Reputation: 33
While working with a linear regression model I split the data into a training set and test set. I then calculated R^2, RMSE, and MAE using the following:
lm.fit(X_train, y_train)
R2 = lm.score(X,y)
y_pred = lm.predict(X_test)
RMSE = np.sqrt(metrics.mean_squared_error(y_test, y_pred))
MAE = metrics.mean_absolute_error(y_test, y_pred)
I thought that I was calculating R^2 for the entire data set (instead of comparing the training and original data). However, I learned that you must fit the model before you score it, therefore I'm not sure if I'm scoring the original data (as inputted in R2) or the data that I used to fit the model (X_train, and y_train). When I run:
lm.fit(X_train, y_train)
lm.score(X_train, y_train)
I get a different result than what I got when I was scoring X and y.
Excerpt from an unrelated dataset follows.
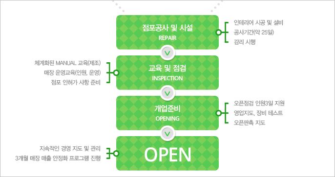 ★ 점포 소유 시 : 입지조사 > 타당성 검토 > 가맹계약 > 점포공사 > 교육 > 개업 / ★ 점포 미소유 시 : 입지 선정 > 점포 선정 > 점포 계약 > 점포공사 > 교육 > 개업

So my question is are the inputs to the .score parameter compared to the model that was fitted (thereby making lm.fit(X,y); lm.score(X,y) the R^2 value for the original data and lm.fit(X_train, y_train); lm.score(X,y) the R^2 value for the original data based off the model created in .fit.) or is something else entirely happening?
Upvotes: 3
Views: 10401
Reputation: 11
fit() that only fit the data which is synonymous to train, that is fit the data means train the data. score is something like testing or predict.
So one should use different dataset for training the classifier and testing the acuracy One can do like this. X_train,X_test,y_train,y_test=cross_validation.train_test_split(X,y,test_size=0.2) clf=neighbors.KNeighborsClassifier() clf.fit(X_train,y_train) accuracy=clf.score(X_test,y_test)
Upvotes: 1